Goddamn! He loved to watch it.
And there she was, hunched over the spinning wheel, her hands actually sunk into the blurred muck, her face intense and furious. The muck seemed to be spinning itself into something thin and graceful today, like a candleholder that he remembered his mama had before his mama died.
“Amazin' what you can do,” he said.
She almost never blinked; she had this funny way of just looking at something until she'd sucked it dry. It amazed him that she wasn't afraid of him, a man killer like him, with fuck you I tattooed on his knuckles, who made the quality nervous if he were in the same goddamned county.
“Mr. Pye,” she said, "it ain't nothing, really. You could do it.”
“Me, nah. I'd mess it up. But go on. Love to watch you.”
She worked intently for another few minutes. Then she said, "What will you do? Them cops won't never stop looking. You have to move on.”
“I know. I hate to go. Ain't ever seen O’Dell so happy.
It's where he should be. Can't hurt nobody, can't get in no trouble, no liquor, no niggers or hacks trying to take from him. He could be happy here.”
“You love him. Everybody says you are the meanest man there is, but you love him.”

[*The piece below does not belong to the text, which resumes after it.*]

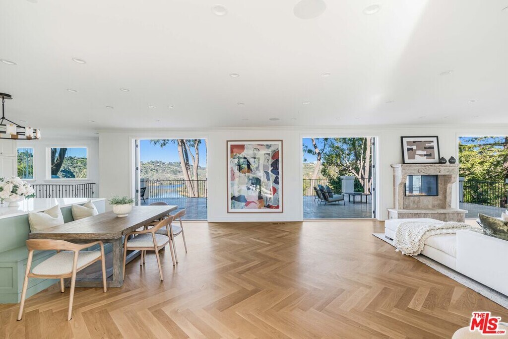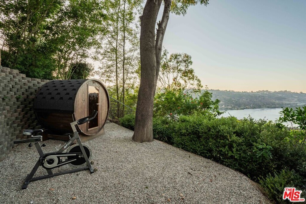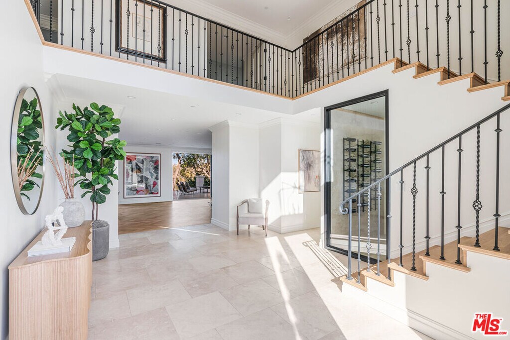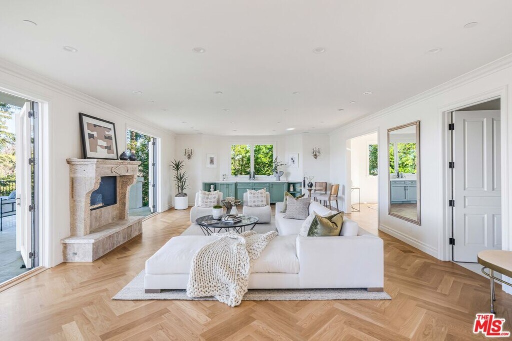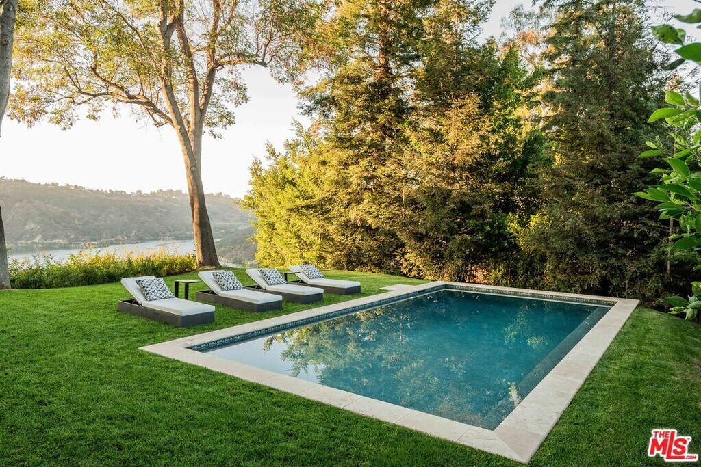 Stunning Contemporary Mediterranean home completely rebuilt and located behind gates on a private hillside in Bel Air. 1 of only 5 properties on Bel Air Road with unobstructed panoramic views of the Stone Canyon Reservoir and rolling hills beyond. Set on nearly half an acre, this home offers 6 bedrooms, 9 baths, a bright open floor plan with a warm minimalist aesthetic. Designed to capture the feeling of a European lakeside villa. A grand two-story entry opens to spacious living areas with White Oak herringbone floors and stunning water views. The gourmet kitchen features Thermador appliances, a La Cornue range, large island with breakfast nook and butler's pantry. Main rooms flow to a resort-style backyard with pool, spa, outdoor kitchen, dining areas and lush landscaping. The primary suite includes a private terrace, lounge, dual spa-like baths and walk-in closets. The lower level offers a wellness retreat with gym, cold plunge, steam shower and outdoor barrel sauna. Additional features include smart home systems, elevator, wine cellar, 100 ft gravel driveway with parking for over 10 cars. A private gated compound offering exceptional design, privacy and breathtaking views. Also available for sale. MLS# 26635299

“He's all I got. We go way back.”
“It's so beautiful. But they will get you. Stories like yours never have happy endings.”
“This here place is my happy ending.”
“I swear, I don't see no bad in you.”
“But bad is what I am. I guess I was homed to it, on account of what happened to my daddy. I never once looked back. Only thing I's ever any good at.”
“You could have been a farmer.”
“Then somebody come and try and walk on you. You can't let that happen. So you stop ’em, and next thing, you're pn the run. That's how it started. Goddamned Uncle Jack kept O’Dell in the barn. Kept him chained. Beat him.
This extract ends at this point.